[Assignment]:
Each entry below must come back exactly as written, without its pictures.

[Provided material]:
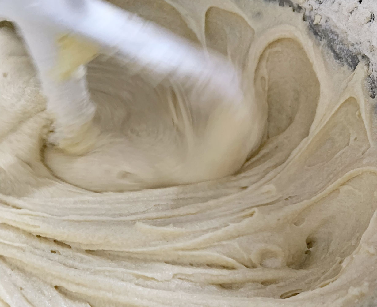 To make the batter, cream the butter and sugar on medium speed in a mixer fitted with a paddle attachment for 10 minutes. After 10 minutes, turn the mixer speed to low and add the eggs one at a time. Add the vanilla extract. Alternatively, add the flour mixture with the milk mixture into the batter. Mix until just combined.
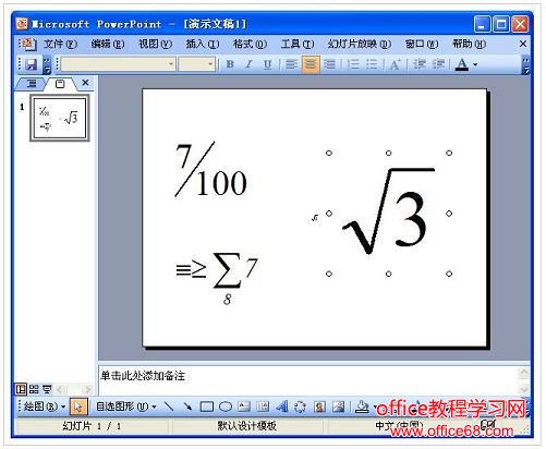 3、利用工具栏上的相应模板,即可制作出相应的公式。 4、编辑完成后,关闭“公式编辑器”窗口,返回幻类片编辑状态,公式即可插入到其中。
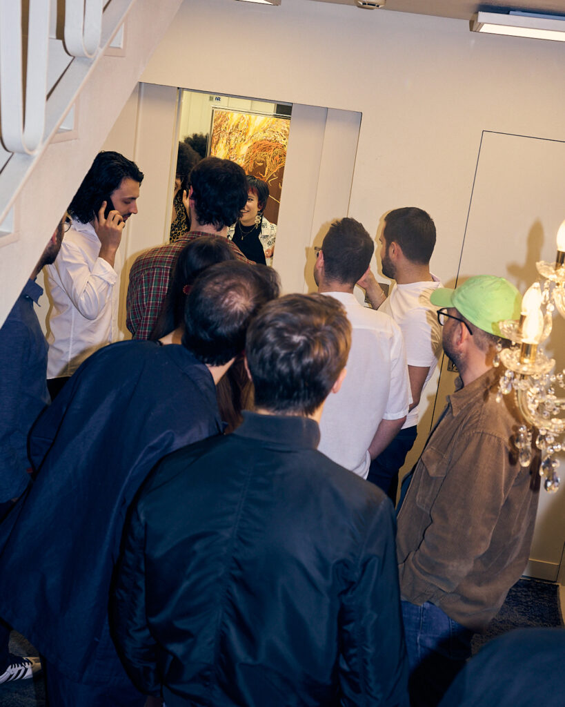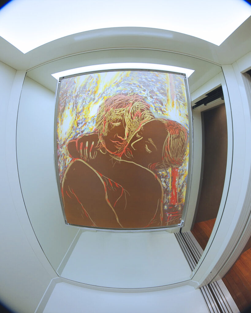La mostra si è svolta in un luogo del tutto insolito: l’ascensore di una casa privata, che per una notte è diventato uno spazio espositivo intimo e sospeso nel tempo. Protagonista un’unica tela dell’artista Matteo Capriotti, accompagnata da un percorso musicale, pensato per amplificare l’esperienza sensoriale e contemplativa della mostra.
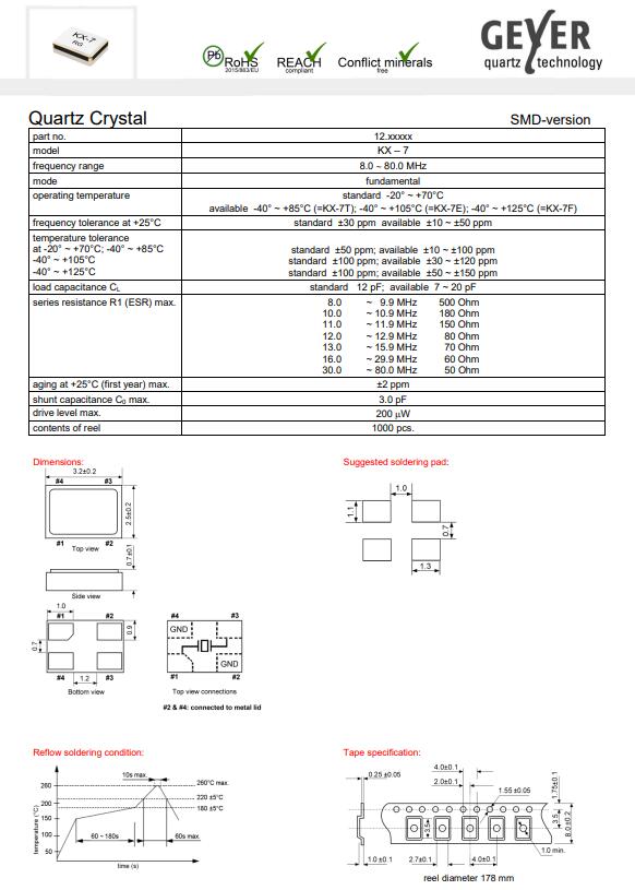 12.87163 | GEYER | CRYSTAL 32.768KHZ 7PF SMD | KX-327RT | ±20ppm | -40°C ~ 85°C | 2 | 2012 | Geyer Electronic America, Inc. |
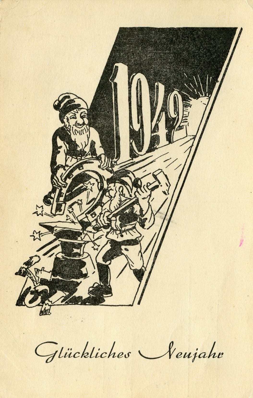[Below: Those Satanic dwarves return on this 1942 New Year Year's postcard. You can see 1941 battered on the floor beneath the anvil, while they are put on the finishing touches to a lucky horseshoe.]
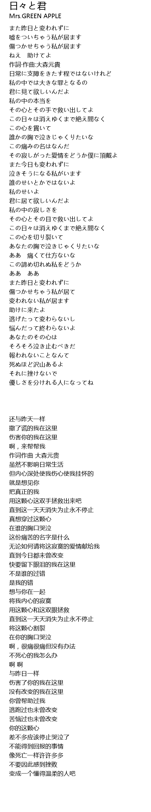 | Song | 日々と君 |
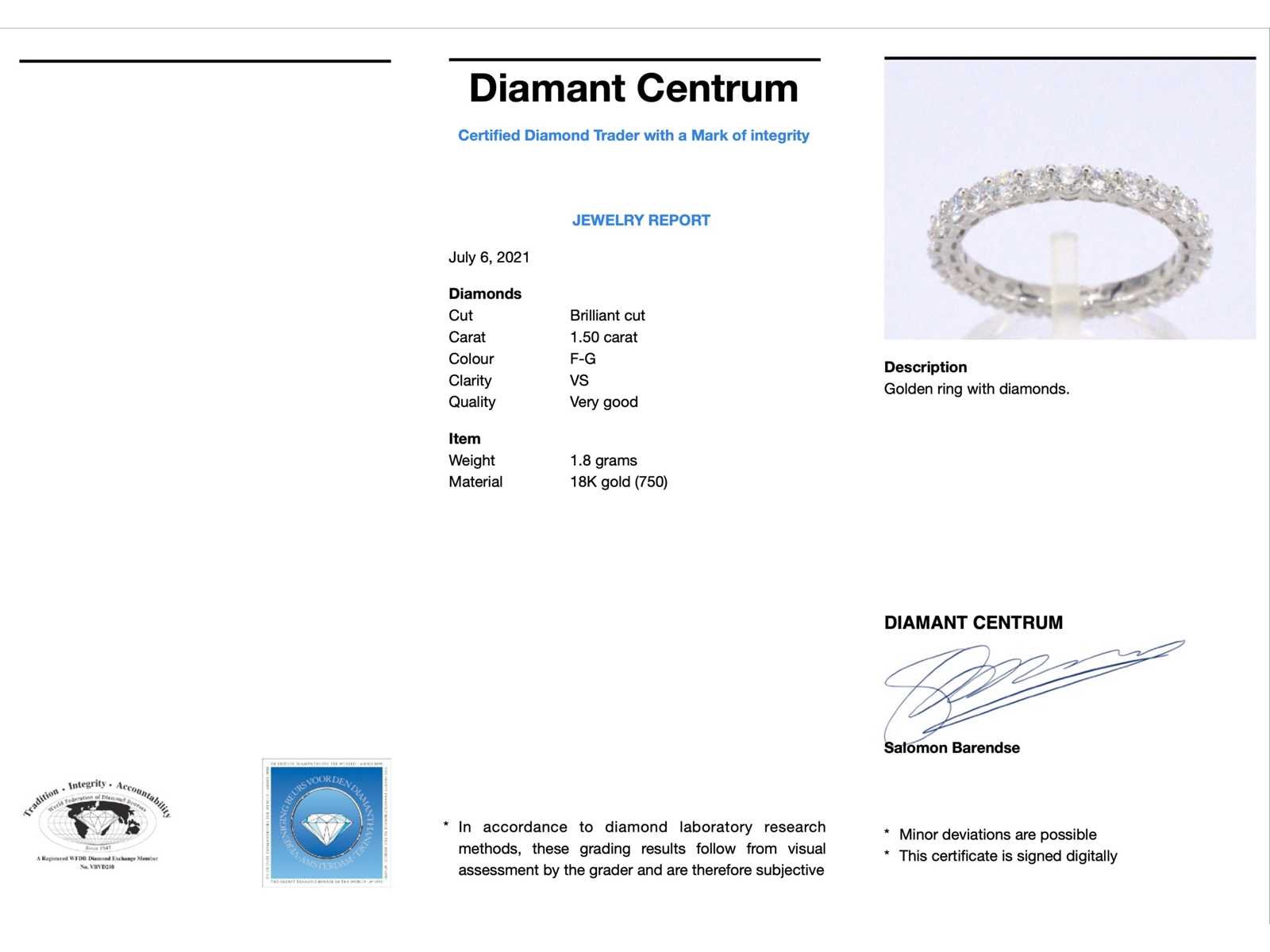 Samenvatting van gegevens Witgouden alliance ring met briljant geslepen diamant Diamant: Natuurlijk; Slijpvorm: Briljant geslepen; Gewicht (carat): 1.50 carat; Kleur: F-G; Zuiverheid: VS; Slijpkwaliteit: Zeer mooi; Juweel: Ring; Gewicht: 1.8 gram; Ringmaat (op maat gemaakt*): 52-53 (16.5 mm); Materiaal: 18K goud (750); Conditie: Nieuw; Verpakking: Luxe sieradendoos; Toelichting: De kwaliteit is overgenomen van het rapport behorend bij item. De waardebepaling is een beoordeling van een gecertificeerde diamantair, gebaseerd op consumentenprijzen.; Consumentenprijs: € 7.823,- Within 14 days Materiaal: Goud Voornaamste diamant: Natuurlijk Gewicht diamant: 1.50ct Totaal gewicht: 1.8g Keurmerk: 750 Lage schatting: 6258.400000000001€ Hoge schatting: 7823€ Kleur diamant: F-G Slijpvorm diamant: Briljant geslepen Slijpkwaliteit diamant: Zeer mooi Zuiverheidsgraad diamant: VS
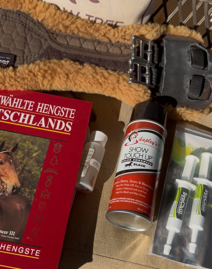 Otherwise it’s been the usual stuff happening around here, lots of working and horses and working and horses and rinse, wash, repeat. I have no complaints. We’ve also entered tack sale season, and I’ve gotten some good scores, like a couple free tubes of SynChill, some free black show spray, a pair of Equilibrium boots for $1, a bit for $3, a Mattes girth, and some REALLY cool old stallion books from Germany. Such a random but awesome find for a breeding nerd like me.

[Solution to the exercise]:
 To make the batter, cream the butter and sugar on medium speed in a mixer fitted with a paddle attachment for 10 minutes. After 10 minutes, turn the mixer speed to low and add the eggs one at a time. Add the vanilla extract. Alternatively, add the flour mixture with the milk mixture into the batter. Mix until just combined.
 3、利用工具栏上的相应模板,即可制作出相应的公式。 4、编辑完成后,关闭“公式编辑器”窗口,返回幻类片编辑状态,公式即可插入到其中。
La mostra si è svolta in un luogo del tutto insolito: l’ascensore di una casa privata, che per una notte è diventato uno spazio espositivo intimo e sospeso nel tempo. Protagonista un’unica tela dell’artista Matteo Capriotti, accompagnata da un percorso musicale, pensato per amplificare l’esperienza sensoriale e contemplativa della mostra.
 12.87163 | GEYER | CRYSTAL 32.768KHZ 7PF SMD | KX-327RT | ±20ppm | -40°C ~ 85°C | 2 | 2012 | Geyer Electronic America, Inc. |
[Below: Those Satanic dwarves return on this 1942 New Year Year's postcard. You can see 1941 battered on the floor beneath the anvil, while they are put on the finishing touches to a lucky horseshoe.]
 | Song | 日々と君 |
 Samenvatting van gegevens Witgouden alliance ring met briljant geslepen diamant Diamant: Natuurlijk; Slijpvorm: Briljant geslepen; Gewicht (carat): 1.50 carat; Kleur: F-G; Zuiverheid: VS; Slijpkwaliteit: Zeer mooi; Juweel: Ring; Gewicht: 1.8 gram; Ringmaat (op maat gemaakt*): 52-53 (16.5 mm); Materiaal: 18K goud (750); Conditie: Nieuw; Verpakking: Luxe sieradendoos; Toelichting: De kwaliteit is overgenomen van het rapport behorend bij item. De waardebepaling is een beoordeling van een gecertificeerde diamantair, gebaseerd op consumentenprijzen.; Consumentenprijs: € 7.823,- Within 14 days Materiaal: Goud Voornaamste diamant: Natuurlijk Gewicht diamant: 1.50ct Totaal gewicht: 1.8g Keurmerk: 750 Lage schatting: 6258.400000000001€ Hoge schatting: 7823€ Kleur diamant: F-G Slijpvorm diamant: Briljant geslepen Slijpkwaliteit diamant: Zeer mooi Zuiverheidsgraad diamant: VS
 Otherwise it’s been the usual stuff happening around here, lots of working and horses and working and horses and rinse, wash, repeat. I have no complaints. We’ve also entered tack sale season, and I’ve gotten some good scores, like a couple free tubes of SynChill, some free black show spray, a pair of Equilibrium boots for $1, a bit for $3, a Mattes girth, and some REALLY cool old stallion books from Germany. Such a random but awesome find for a breeding nerd like me.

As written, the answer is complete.